有一抹紅色的影子朝他緩緩走了過來,他心口一跳,策馬就去迎。
然而,還沒來得及走過去,城門口站著的那個穿著鎧甲的人,一箭射穿了紅色影子的背心。
不……
他聽見自己在心裡嘶喊,聲音淒厲,嘴巴卻沒能幫著喊出來。
那抹影子倒下去了,城牆上一片歡呼聲,身著鎧甲的人緩緩扔了弓箭,苦笑一聲,轉身回城。
他連忙跑過去,將那女子抱起來。
紅色的血浸透了白色的雪,他心口疼得厲害,也不敢拔箭,抱著她便往回跑。
在跑的路上他還在想,為什麼會做這麼奇怪的夢呢?他又為什麼這麼難過?
眼前風景一轉,他懷裡抱著的人沒了,他驚慌抬頭,就看見一個牌匾——仁善王府。
這是什麼府邸?腦子裡驟然像是被開啟了堵住的塞子,無數記憶噴湧而出,疼得他大叫了一聲。
「知白?」
誰在喊他?沈知白痛苦地抬頭,就見那仁善王府裡走出一對人來,前頭轉著紅鯉裙的姑娘活潑可愛,後頭站著個紅衣白髮的高大男人。姑娘低下頭來皺眉看著他,歪著腦袋問:「小侯爺,你沒事吧?」
紅衣白髮的人輕哼一聲:「他能有什麼事,至多不過又迷路了。」
沈……故……淵……
這名字慢慢回到記憶裡,同無數畫面一起飛速印回他的腦海。
他怎麼會忘記了,那是沈故淵啊!
……
「知白?知白!」池魚急了,狠狠地晃了晃他的胳膊。
猛然驚醒,沈知白睜眼,雙目泛紅。
池魚嚇了一跳:「你怎麼了?」
怔愣地轉頭看向她,沈知白抿唇,伸手按住了自己的心口,良久才啞聲問:「池魚,你還記得沈故淵嗎?」
「啊?」池魚莫名其妙地看著他:「記得啊,大仙麼,剛幫了我一個大忙。」
「不是……」沈知白喉結微動:「我是說,以前的沈故淵,三王爺,仁善王府裡的沈故淵,你還記得嗎?」
什麼玩意兒?池魚皺眉:「你病了?」
伸手抹了把臉,沈知白喃喃道:「先前我也以為葉凜城是病了,沒有想到結果病的是我們。」
「你還好嗎?」池魚當真是慌了,手搭在他的膝蓋上,抬頭焦急地看著他:「你別嚇唬我啊!」
沈知白閉眼,微微哽咽:「我要是什麼都沒想起來,那就好了。」
他怎麼能把沈故淵這個人給忘記了?寧池魚是愛他的,寧池魚更沒有道理忘記他!這一切是怎麼回事?為何三王爺這個名頭會消失,為何池魚會心甘情願地嫁給了他,看起來還很喜歡他?

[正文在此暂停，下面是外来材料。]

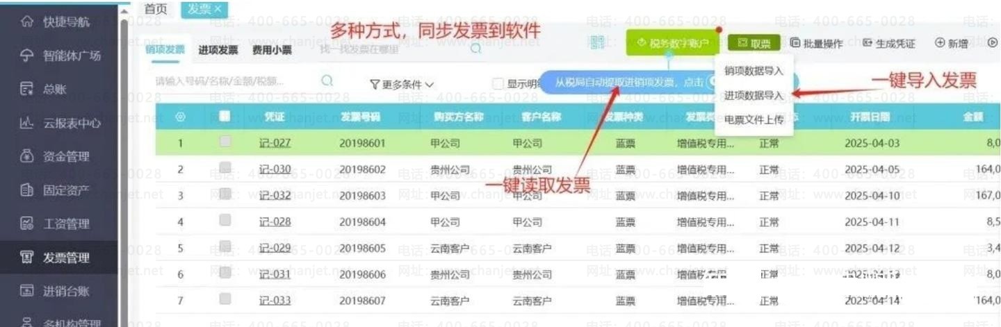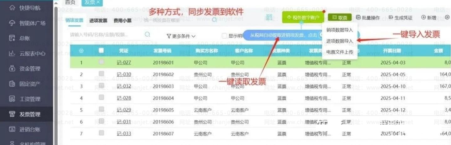 A.进销项一键导入:系统支持一键批量导入数百张进销项发票。

腦子裡亂成一團,沈知白拿開她的手,白著嘴唇道:「我要去冷靜一下。」
「哎……」池魚想拉住他,以往沈知白都會把手微微後揚留給她拉,然而這次沒有,他徑直就走了,好像生怕被她追上。
池魚迷茫了,她壓根不知道發生了什麼,怎麼突然就成了這樣?
……
「這就是你說的法子?」沈故淵黑著臉問。
鄭嬤嬤很自豪地點頭:「沒錯,不能解開池魚丫頭的幻憶水,咱們可以解開沈知白的。」
沈故淵眼神不太友善。
「哎,捨不得孩子套不著狼。」鄭嬤嬤往後躲了躲,語重心長地道:「您別捨不得池魚丫頭受傷,她這是忘記了,記憶有缺失,她真心喜歡的人是您,不是小侯爺。您與小侯爺競爭,老身只是把您二位放在同一個處境裡,這樣更公平些,不是嗎?」
自家主子想起前塵往事了,那沈知白也一起來好了,大家有難同當不是嗎?
沈故淵沉默,雖然覺得這做法好像有點不太妥當,但是怎麼說呢,有種能拉著人墊背的感覺,可真是爽啊!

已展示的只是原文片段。